Oksanen L, Mustajoki P, Kaprio J, Kainulainen K, Jänne O, Peltonen L, Kontula K
Department of Medicine, University of Helsinki, Finland.
Int J Obes Relat Metab Disord. 1996 Dec;20(12):1055-61.
The Trp64-->Arg allele of the beta 3-adrenergic receptor gene was recently proposed to be associated with an earlier onset of non-insulin-dependent diabetes mellitus (NIDDM), features of insulin resistance and a tendency to gain weight. We investigated whether the Arg64 allele predisposes to severe obesity.
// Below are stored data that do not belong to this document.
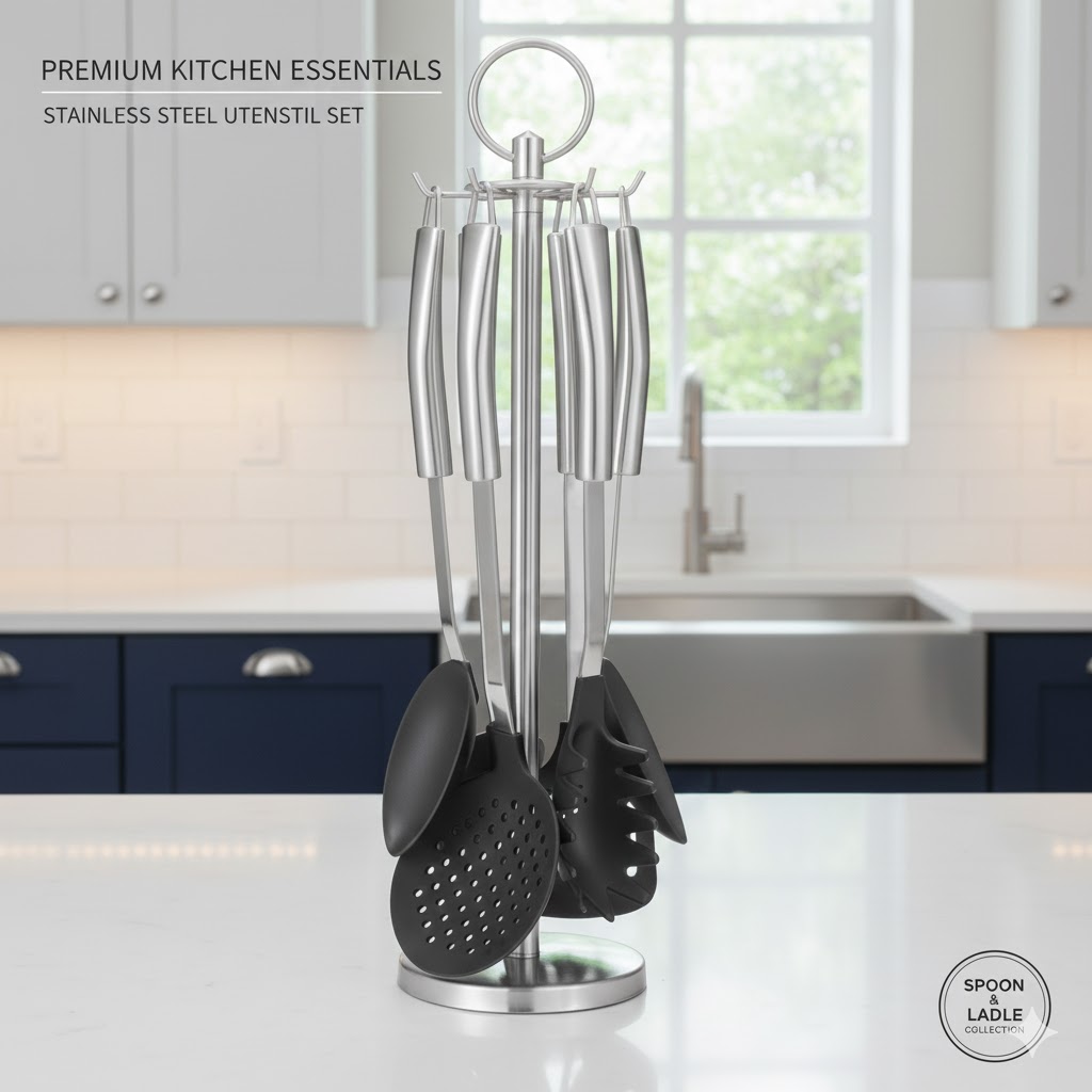 لازمه ی داشتن آشپزخانه ای زیبا و کاربردی انتخاب هوشمندانه وسایل است. هر یک از ابزار های “ست کفگیر و ملاقه استیل یونیک کد 1048” در کنار کاربرد های گسترده در آشپزی روزانه، زیبایی فوق العاده ای دارند. این محصولات از جنس سیلیکون هستند. سیلیکون به دلیل تحمل دمای بالا در برابر حرارت ظروف آشپزی مقاوم است. همچنین دسته آن ها از استیل ضد زنگ براق ساخته شده.تنوع این ست ابزار باعث شده بتوانید تمام نیاز های آشپزی خود را تامین کنید. این ست 7 پارچه شامل 6 عدد ابزار آشپزی زیر است:
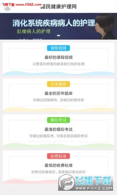 国民健康护理网是,面向护理学校,提供线上视频,试题,模拟习题支持的内容平台。用户可以在平台上查看名师讲座。做对应的习题练习。更好的应对,护士考试。
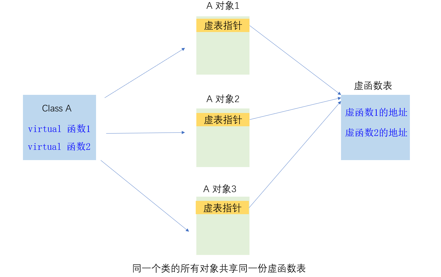 这种机制使得不同派生类可以重写基类的虚函数,而基类指针 / 引用无需修改就能调用到正确的派生类实现,体现了 "一个接口,多种实现" 的多态思想。

A genetic association study of 254 subjects with morbid obesity [body-mass index (BMI) > or = 40; mean 42.8 +/- 7.0] and 151 lean healthy control subjects [BMI < or = 25; mean BMI 22.3 +/- 1.9].
beta 3-adrenergic receptor genotyping was carried out with a solid-phase minisequencing technique. Serum lipids, glucose and insulin levels in the obese subjects were also determined.
The frequency of the Arg64 did not significantly differ in the morbidly obese patients (9.1%) and lean controls (8.9%), nor was there any statistically significant association between the mean BMI values and the beta 3-adrenergic receptor genotype. However, obese subjects carrying the Arg64 allele developed obesity more often before the age of 15 y than those without it (P < 0.05, adjusted for multiple comparisons). The frequency of the Arg64 allele was similar in nondiabetic and diabetic patients; the mean age at the onset of NIDDM did not differ according to the beta 3-adrenergic receptor genotype. There was no significant association between the receptor genotype and the level of the serum cholesterol, HDL-cholesterol, triglyceride, glucose or insulin, nor was this polymorphism associated with the behavioural or psychopathological characteristics of the morbidly obese subjects. Response to a 16 w treatment program including a very-low calorie diet (VLCD) regimen, dietary and exercise counseling, as well as behavioural modifications, did not differ according to the genotype.
Our data do not support a significant role for the codon 64 polymorphism of the beta 3-adrenergic receptor as a genetic marker of morbid obesity. Although there was an association between the Arg64 allele and an earlier onset of obesity in individuals subsequently developing morbid obesity, this allele was not associated with the actual BMI gained or response to weight-loss therapy on a hypocaloric diet.
β3 - 肾上腺素能受体基因的色氨酸64位密码子突变为精氨酸的等位基因(Trp64→Arg)最近被认为与非胰岛素依赖型糖尿病(NIDDM)的较早发病、胰岛素抵抗特征以及体重增加倾向有关。我们研究了精氨酸64位等位基因(Arg64)是否易导致严重肥胖。
对254例病态肥胖患者[体重指数(BMI)≥40;平均42.8±7.0]和151例健康瘦人对照者[BMI≤25;平均BMI 22.3±1.9]进行基因关联研究。
采用固相微测序技术进行β3 - 肾上腺素能受体基因分型。同时测定肥胖患者的血脂、血糖和胰岛素水平。
病态肥胖患者(9.1%)和瘦人对照者(8.9%)中Arg64等位基因频率无显著差异,BMI均值与β3 - 肾上腺素能受体基因型之间也无统计学显著关联。然而,携带Arg64等位基因的肥胖患者在15岁前发生肥胖的频率高于未携带该等位基因者(P<0.05,经多重比较校正)。非糖尿病患者和糖尿病患者中Arg64等位基因频率相似;NIDDM发病的平均年龄根据β3 - 肾上腺素能受体基因型无差异。受体基因型与血清胆固醇、高密度脂蛋白胆固醇、甘油三酯、血糖或胰岛素水平之间无显著关联,该多态性也与病态肥胖患者的行为或精神病理特征无关。对包括极低热量饮食(VLCD)方案、饮食和运动咨询以及行为改变的16周治疗方案的反应,根据基因型无差异。
我们的数据不支持β3 - 肾上腺素能受体64位密码子多态性作为病态肥胖遗传标志物的重要作用。虽然Arg64等位基因与随后发生病态肥胖个体的肥胖较早发病有关,但该等位基因与实际增加的BMI或低热量饮食减肥治疗的反应无关。